[EXERCISE PROMPT]
With the pictures omitted, repeat exactly the lines below starting with the line that has "La Poznań Fara" and going on through the line that has "Die Ferienwohnung bietet".

[SUPPLIED MATERIAL]
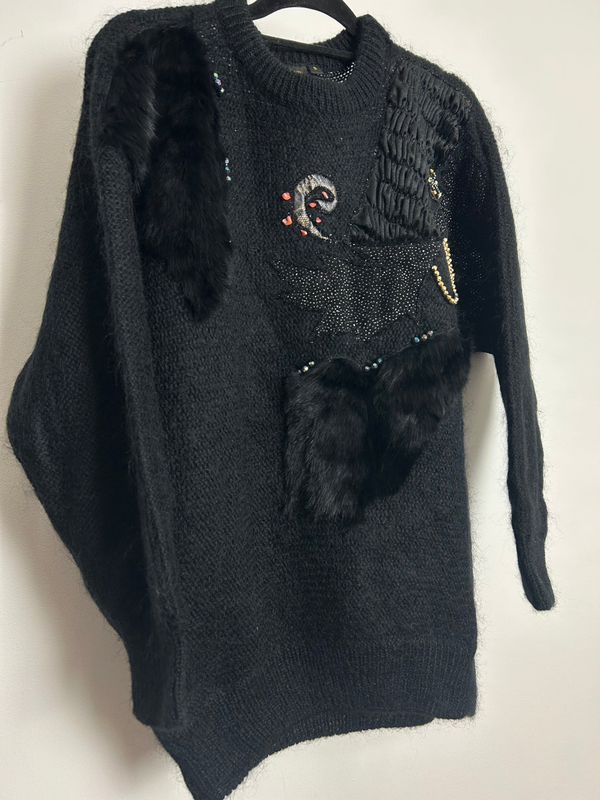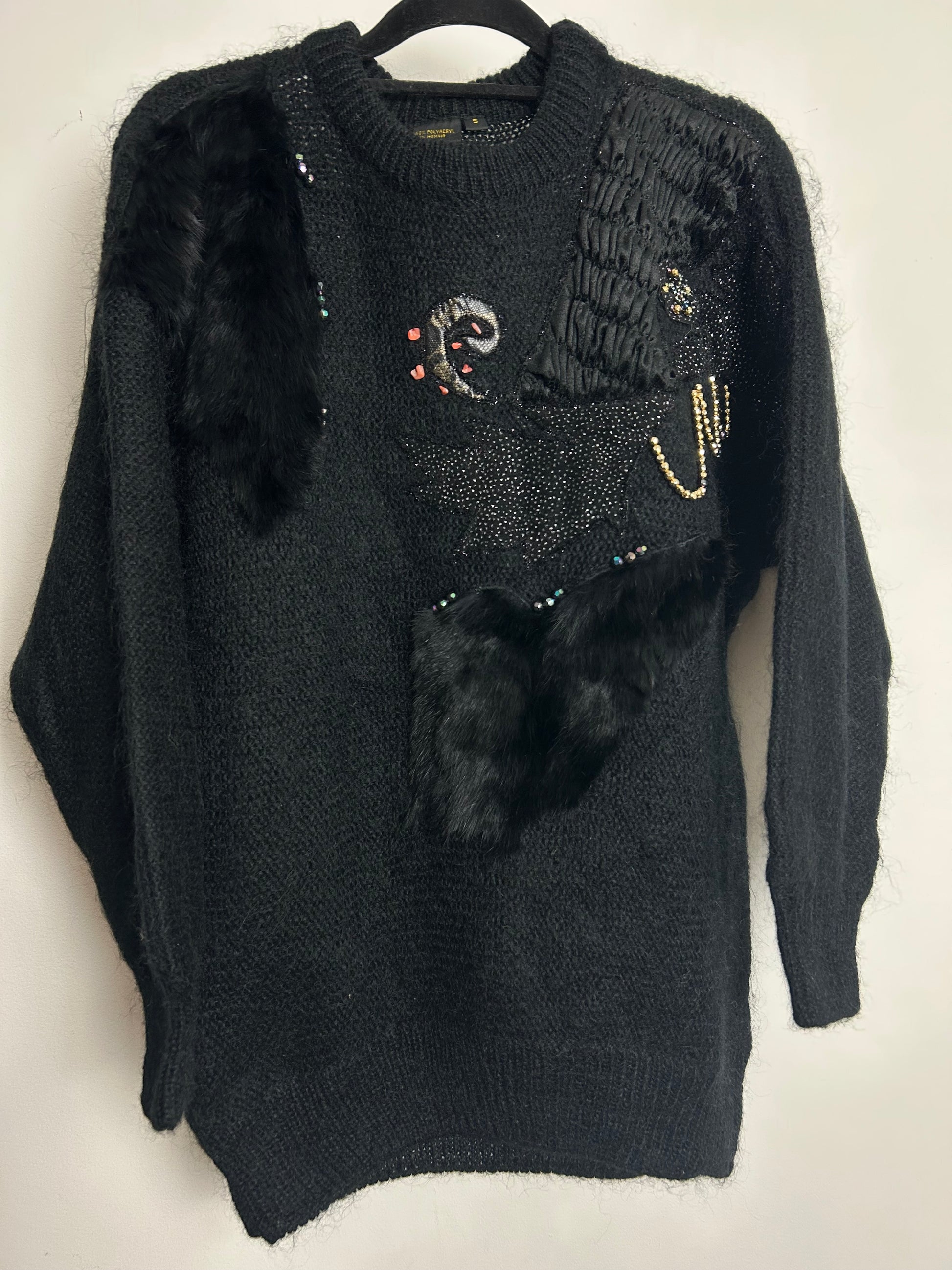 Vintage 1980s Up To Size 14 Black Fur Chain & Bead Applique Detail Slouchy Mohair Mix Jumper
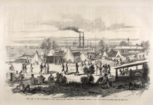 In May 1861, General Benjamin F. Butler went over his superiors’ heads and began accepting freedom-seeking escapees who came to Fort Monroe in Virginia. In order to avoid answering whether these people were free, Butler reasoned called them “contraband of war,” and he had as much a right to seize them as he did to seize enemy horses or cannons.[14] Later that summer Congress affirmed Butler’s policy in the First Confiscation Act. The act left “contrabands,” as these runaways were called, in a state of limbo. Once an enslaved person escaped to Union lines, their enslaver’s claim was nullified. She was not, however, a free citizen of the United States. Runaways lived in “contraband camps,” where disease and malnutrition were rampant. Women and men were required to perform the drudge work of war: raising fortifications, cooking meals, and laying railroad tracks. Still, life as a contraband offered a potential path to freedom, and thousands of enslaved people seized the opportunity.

--

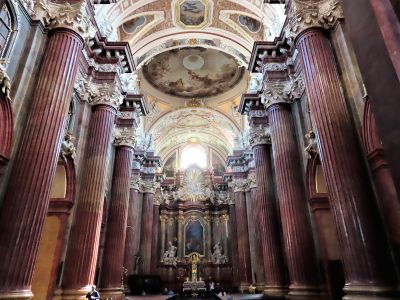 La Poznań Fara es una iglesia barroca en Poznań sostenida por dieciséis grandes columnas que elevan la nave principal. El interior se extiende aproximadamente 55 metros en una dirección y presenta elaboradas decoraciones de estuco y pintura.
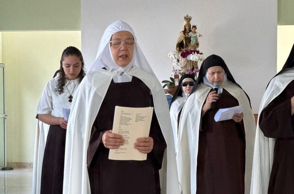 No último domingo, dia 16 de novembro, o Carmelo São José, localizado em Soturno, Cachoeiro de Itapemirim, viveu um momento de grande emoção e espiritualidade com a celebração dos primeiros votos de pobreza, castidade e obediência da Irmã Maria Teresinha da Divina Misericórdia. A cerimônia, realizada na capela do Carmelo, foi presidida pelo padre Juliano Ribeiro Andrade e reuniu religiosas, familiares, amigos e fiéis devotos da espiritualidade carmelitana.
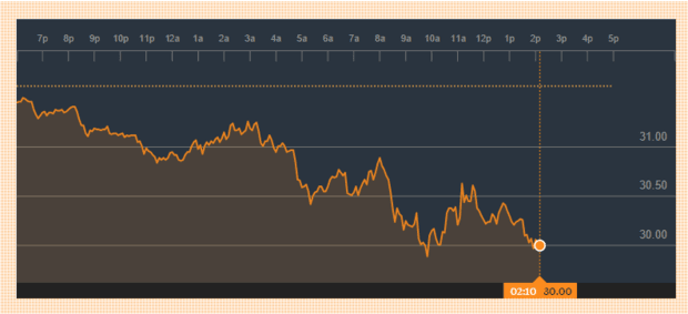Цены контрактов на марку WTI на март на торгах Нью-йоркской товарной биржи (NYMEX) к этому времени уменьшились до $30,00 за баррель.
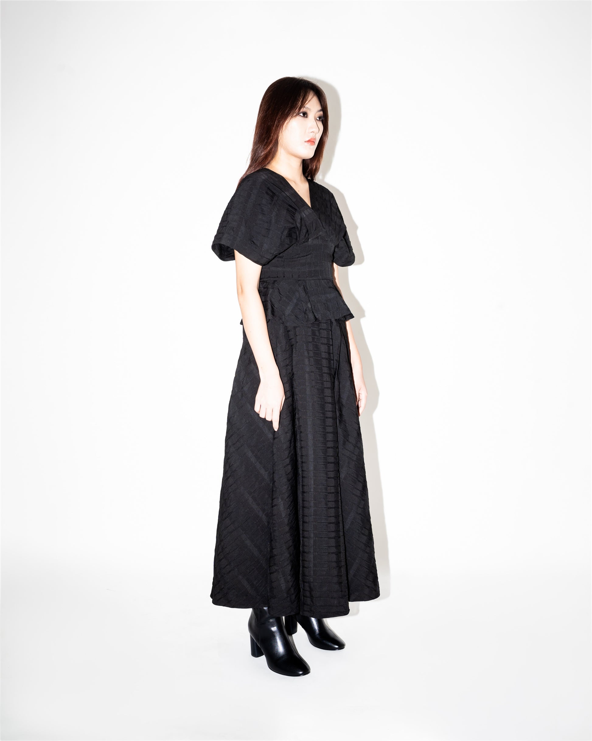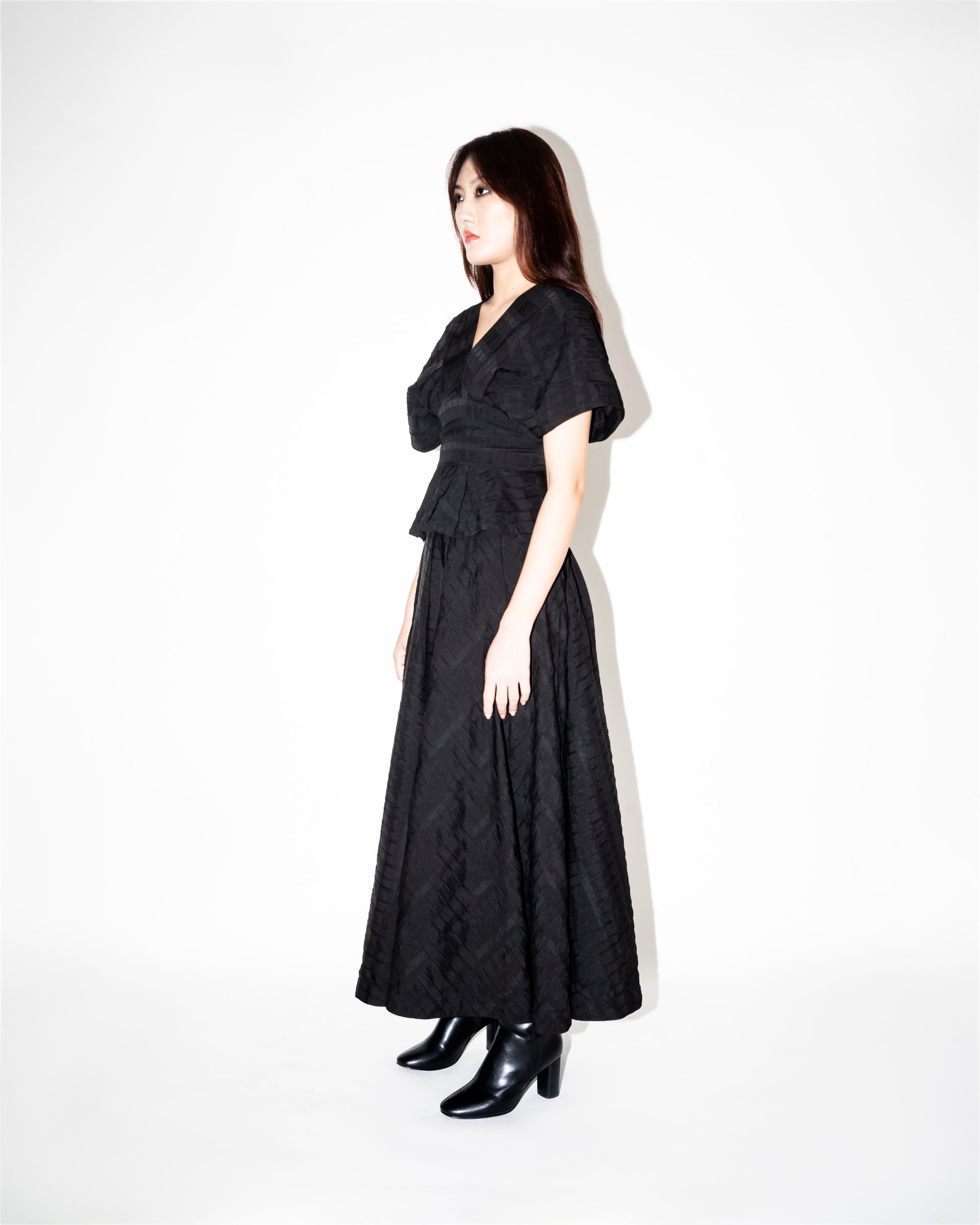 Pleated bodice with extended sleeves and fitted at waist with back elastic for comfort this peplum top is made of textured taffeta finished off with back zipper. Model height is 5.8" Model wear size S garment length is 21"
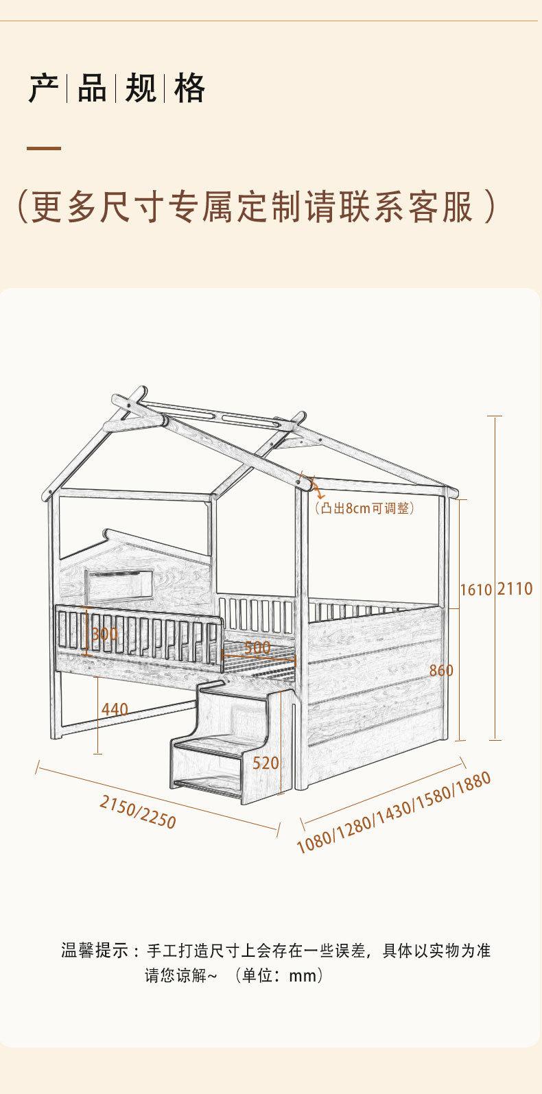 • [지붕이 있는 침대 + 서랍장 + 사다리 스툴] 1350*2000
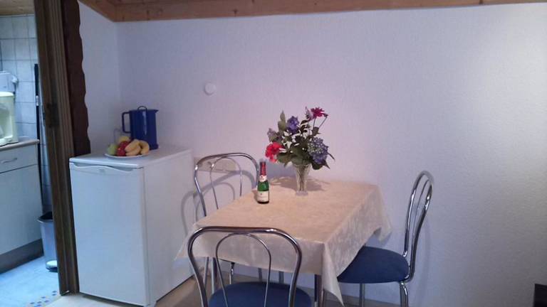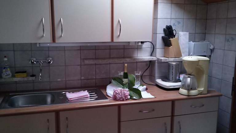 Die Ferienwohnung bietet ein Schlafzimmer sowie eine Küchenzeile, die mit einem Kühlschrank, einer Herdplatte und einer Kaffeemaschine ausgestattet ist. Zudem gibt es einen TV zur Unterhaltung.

...

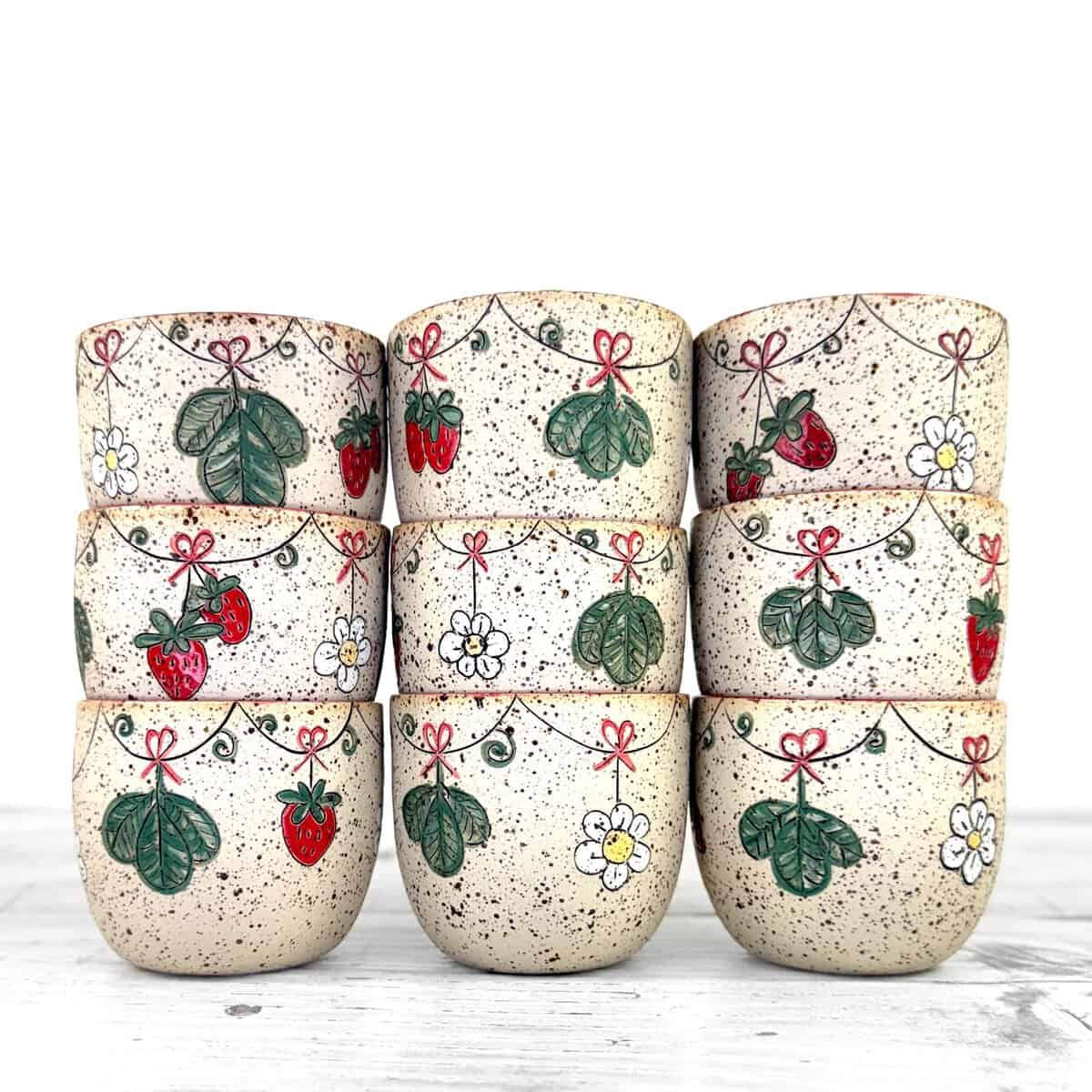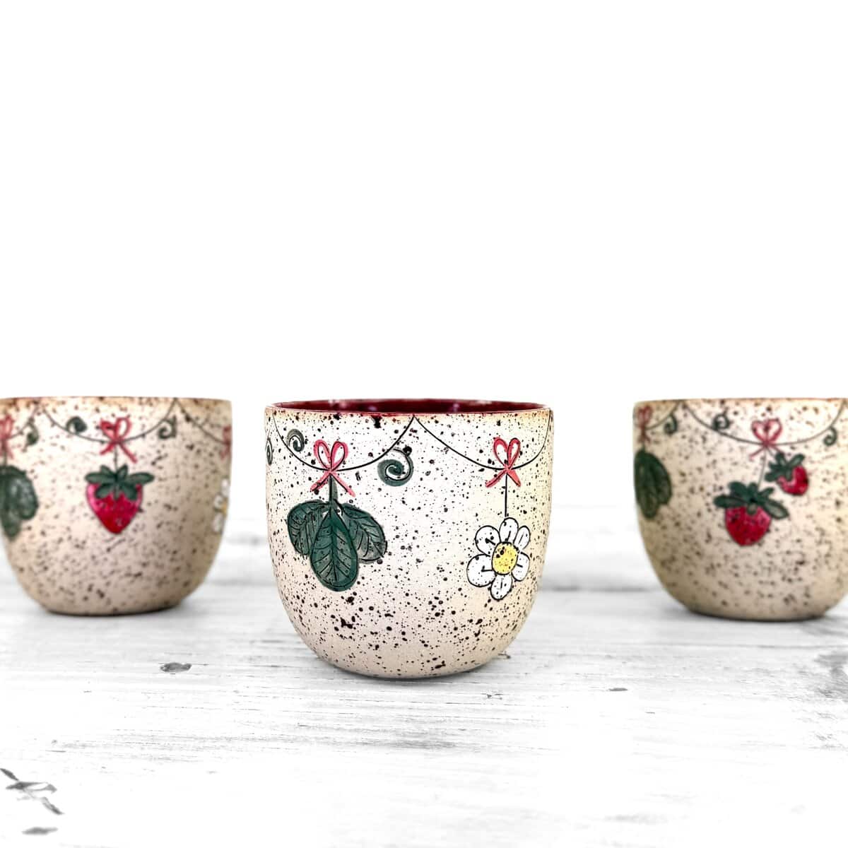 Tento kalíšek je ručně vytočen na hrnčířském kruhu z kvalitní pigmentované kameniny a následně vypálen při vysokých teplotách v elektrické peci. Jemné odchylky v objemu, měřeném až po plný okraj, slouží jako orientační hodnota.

[EXPECTED ANSWER]
 La Poznań Fara es una iglesia barroca en Poznań sostenida por dieciséis grandes columnas que elevan la nave principal. El interior se extiende aproximadamente 55 metros en una dirección y presenta elaboradas decoraciones de estuco y pintura.
 No último domingo, dia 16 de novembro, o Carmelo São José, localizado em Soturno, Cachoeiro de Itapemirim, viveu um momento de grande emoção e espiritualidade com a celebração dos primeiros votos de pobreza, castidade e obediência da Irmã Maria Teresinha da Divina Misericórdia. A cerimônia, realizada na capela do Carmelo, foi presidida pelo padre Juliano Ribeiro Andrade e reuniu religiosas, familiares, amigos e fiéis devotos da espiritualidade carmelitana.
Цены контрактов на марку WTI на март на торгах Нью-йоркской товарной биржи (NYMEX) к этому времени уменьшились до $30,00 за баррель.
 Pleated bodice with extended sleeves and fitted at waist with back elastic for comfort this peplum top is made of textured taffeta finished off with back zipper. Model height is 5.8" Model wear size S garment length is 21"
 • [지붕이 있는 침대 + 서랍장 + 사다리 스툴] 1350*2000
 Die Ferienwohnung bietet ein Schlafzimmer sowie eine Küchenzeile, die mit einem Kühlschrank, einer Herdplatte und einer Kaffeemaschine ausgestattet ist. Zudem gibt es einen TV zur Unterhaltung.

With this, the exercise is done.